(Items listed in a dataset)
# # #

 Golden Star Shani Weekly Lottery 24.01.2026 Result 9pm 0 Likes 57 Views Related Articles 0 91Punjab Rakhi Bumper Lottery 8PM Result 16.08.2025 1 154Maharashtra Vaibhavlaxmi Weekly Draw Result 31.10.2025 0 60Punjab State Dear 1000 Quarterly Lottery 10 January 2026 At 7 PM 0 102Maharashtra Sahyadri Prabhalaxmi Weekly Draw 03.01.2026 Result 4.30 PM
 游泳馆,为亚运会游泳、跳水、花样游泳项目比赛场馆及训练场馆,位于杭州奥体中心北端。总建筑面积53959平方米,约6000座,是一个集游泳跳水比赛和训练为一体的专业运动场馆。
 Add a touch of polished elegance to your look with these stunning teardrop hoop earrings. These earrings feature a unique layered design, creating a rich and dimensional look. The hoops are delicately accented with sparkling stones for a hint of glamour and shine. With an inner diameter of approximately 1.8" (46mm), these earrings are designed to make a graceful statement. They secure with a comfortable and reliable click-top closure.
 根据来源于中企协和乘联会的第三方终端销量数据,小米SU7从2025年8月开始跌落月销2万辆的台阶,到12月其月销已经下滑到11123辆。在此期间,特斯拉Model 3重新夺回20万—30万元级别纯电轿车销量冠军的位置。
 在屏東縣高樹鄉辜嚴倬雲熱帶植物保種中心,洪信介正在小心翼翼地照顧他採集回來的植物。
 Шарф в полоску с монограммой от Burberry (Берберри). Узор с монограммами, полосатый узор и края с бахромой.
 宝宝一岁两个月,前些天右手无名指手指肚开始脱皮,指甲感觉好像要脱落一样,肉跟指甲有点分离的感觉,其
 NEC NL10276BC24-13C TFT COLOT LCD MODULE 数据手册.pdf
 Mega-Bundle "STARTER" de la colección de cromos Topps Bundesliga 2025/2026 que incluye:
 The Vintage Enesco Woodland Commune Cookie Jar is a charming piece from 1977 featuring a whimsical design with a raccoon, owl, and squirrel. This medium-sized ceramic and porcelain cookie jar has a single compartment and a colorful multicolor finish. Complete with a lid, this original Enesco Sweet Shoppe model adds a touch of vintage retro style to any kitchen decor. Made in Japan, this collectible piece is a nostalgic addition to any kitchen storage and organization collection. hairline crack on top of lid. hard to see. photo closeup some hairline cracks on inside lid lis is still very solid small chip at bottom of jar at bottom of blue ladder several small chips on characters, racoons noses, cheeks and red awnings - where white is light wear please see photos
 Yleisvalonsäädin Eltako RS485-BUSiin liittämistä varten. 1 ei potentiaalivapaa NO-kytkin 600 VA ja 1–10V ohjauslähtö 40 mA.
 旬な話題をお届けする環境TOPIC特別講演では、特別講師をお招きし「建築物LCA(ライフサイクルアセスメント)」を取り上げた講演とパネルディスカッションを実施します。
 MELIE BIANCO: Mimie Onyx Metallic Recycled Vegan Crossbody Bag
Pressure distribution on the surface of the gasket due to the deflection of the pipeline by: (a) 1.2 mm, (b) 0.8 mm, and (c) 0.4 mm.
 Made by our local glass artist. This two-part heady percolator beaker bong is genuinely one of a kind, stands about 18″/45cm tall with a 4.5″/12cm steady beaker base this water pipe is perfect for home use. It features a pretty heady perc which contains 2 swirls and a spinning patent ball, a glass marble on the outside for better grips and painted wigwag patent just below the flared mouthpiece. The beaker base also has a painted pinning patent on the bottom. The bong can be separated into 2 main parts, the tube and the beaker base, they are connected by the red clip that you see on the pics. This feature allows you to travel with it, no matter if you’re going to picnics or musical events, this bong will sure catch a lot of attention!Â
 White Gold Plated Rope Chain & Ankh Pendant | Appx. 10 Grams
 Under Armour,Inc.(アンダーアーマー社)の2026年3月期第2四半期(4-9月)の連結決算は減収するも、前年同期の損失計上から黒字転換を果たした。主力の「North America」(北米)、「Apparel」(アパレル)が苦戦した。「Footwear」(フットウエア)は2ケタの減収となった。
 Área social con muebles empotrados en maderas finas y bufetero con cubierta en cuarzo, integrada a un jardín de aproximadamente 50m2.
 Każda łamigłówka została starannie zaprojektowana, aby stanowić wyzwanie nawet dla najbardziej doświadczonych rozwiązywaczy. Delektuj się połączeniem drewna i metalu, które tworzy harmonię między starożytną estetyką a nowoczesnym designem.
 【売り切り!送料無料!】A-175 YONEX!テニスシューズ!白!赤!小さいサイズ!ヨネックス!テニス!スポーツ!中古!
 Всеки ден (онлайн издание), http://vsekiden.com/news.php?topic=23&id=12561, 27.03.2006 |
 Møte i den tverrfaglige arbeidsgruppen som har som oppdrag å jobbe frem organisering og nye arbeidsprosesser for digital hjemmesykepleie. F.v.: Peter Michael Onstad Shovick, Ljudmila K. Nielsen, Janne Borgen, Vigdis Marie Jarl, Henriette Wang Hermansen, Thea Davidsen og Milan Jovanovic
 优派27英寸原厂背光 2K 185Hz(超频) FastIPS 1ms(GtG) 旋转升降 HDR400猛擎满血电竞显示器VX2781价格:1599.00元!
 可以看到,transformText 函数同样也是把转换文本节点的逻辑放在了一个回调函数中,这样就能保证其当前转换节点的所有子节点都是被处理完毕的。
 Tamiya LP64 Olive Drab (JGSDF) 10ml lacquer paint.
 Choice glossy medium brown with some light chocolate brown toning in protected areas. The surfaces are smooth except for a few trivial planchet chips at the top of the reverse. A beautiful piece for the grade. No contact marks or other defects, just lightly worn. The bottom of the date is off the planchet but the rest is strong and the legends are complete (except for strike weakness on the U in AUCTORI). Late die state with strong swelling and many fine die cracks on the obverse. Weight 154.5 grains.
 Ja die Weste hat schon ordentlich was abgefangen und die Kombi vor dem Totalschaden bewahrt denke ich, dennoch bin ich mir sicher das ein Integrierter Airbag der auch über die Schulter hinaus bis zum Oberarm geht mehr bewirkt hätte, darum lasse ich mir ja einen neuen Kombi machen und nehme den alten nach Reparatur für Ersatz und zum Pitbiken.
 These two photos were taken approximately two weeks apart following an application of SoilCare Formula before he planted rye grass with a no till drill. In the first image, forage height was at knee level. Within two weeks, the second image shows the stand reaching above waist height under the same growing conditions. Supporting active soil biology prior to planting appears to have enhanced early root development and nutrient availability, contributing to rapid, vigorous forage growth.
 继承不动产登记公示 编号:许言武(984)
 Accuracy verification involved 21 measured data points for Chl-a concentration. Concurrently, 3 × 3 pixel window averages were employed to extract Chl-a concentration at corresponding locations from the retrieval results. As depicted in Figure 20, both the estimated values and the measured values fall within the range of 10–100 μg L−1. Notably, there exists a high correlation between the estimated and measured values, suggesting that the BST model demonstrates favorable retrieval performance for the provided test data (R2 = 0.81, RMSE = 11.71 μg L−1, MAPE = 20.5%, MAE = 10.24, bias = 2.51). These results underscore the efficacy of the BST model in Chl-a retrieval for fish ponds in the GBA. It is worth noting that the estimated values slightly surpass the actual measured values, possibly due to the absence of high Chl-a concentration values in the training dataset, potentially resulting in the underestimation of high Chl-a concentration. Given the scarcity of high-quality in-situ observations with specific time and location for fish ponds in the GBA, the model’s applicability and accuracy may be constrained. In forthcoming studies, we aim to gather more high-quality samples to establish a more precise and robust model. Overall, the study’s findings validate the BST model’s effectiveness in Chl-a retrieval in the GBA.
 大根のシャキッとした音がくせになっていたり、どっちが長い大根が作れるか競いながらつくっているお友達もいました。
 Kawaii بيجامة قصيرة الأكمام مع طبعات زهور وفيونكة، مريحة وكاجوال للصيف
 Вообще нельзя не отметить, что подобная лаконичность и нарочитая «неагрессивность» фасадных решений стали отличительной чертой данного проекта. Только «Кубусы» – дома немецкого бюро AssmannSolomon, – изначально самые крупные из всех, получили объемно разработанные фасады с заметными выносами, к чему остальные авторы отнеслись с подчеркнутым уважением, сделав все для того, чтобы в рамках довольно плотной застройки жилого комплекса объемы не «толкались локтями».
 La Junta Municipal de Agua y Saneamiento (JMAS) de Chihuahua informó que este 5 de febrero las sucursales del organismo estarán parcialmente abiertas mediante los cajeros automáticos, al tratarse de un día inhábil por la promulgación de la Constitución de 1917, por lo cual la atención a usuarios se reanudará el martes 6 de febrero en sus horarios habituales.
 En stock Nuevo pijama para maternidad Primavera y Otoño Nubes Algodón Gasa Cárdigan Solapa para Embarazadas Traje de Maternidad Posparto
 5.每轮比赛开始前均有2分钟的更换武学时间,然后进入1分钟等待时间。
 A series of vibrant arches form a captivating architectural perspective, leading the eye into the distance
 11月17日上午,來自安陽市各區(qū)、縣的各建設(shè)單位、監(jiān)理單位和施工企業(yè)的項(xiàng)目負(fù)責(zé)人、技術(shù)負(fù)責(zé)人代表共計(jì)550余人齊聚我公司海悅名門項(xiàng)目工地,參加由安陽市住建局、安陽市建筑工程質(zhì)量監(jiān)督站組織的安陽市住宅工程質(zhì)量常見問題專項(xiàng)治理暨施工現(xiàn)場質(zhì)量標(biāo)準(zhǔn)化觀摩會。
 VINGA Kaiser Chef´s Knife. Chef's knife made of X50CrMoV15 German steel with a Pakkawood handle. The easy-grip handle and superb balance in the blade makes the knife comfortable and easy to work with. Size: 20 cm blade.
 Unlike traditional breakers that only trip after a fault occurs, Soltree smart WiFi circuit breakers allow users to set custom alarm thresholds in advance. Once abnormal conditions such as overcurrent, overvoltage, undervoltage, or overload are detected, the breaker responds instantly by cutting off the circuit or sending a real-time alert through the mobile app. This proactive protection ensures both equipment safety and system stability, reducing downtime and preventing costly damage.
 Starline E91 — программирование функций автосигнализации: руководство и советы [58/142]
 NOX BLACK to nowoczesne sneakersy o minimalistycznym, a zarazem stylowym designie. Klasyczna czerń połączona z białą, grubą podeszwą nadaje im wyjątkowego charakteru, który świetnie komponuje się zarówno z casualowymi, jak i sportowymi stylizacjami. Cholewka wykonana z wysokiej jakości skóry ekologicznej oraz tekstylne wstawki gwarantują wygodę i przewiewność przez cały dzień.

# # #

Aim of the exercise: Take the lines from the start of the records through the line holding "游泳馆,为亚运会游泳、跳水、", both included, and please print them exactly, with nothing else.

Exercise solution:
 Golden Star Shani Weekly Lottery 24.01.2026 Result 9pm 0 Likes 57 Views Related Articles 0 91Punjab Rakhi Bumper Lottery 8PM Result 16.08.2025 1 154Maharashtra Vaibhavlaxmi Weekly Draw Result 31.10.2025 0 60Punjab State Dear 1000 Quarterly Lottery 10 January 2026 At 7 PM 0 102Maharashtra Sahyadri Prabhalaxmi Weekly Draw 03.01.2026 Result 4.30 PM
 游泳馆,为亚运会游泳、跳水、花样游泳项目比赛场馆及训练场馆,位于杭州奥体中心北端。总建筑面积53959平方米,约6000座,是一个集游泳跳水比赛和训练为一体的专业运动场馆。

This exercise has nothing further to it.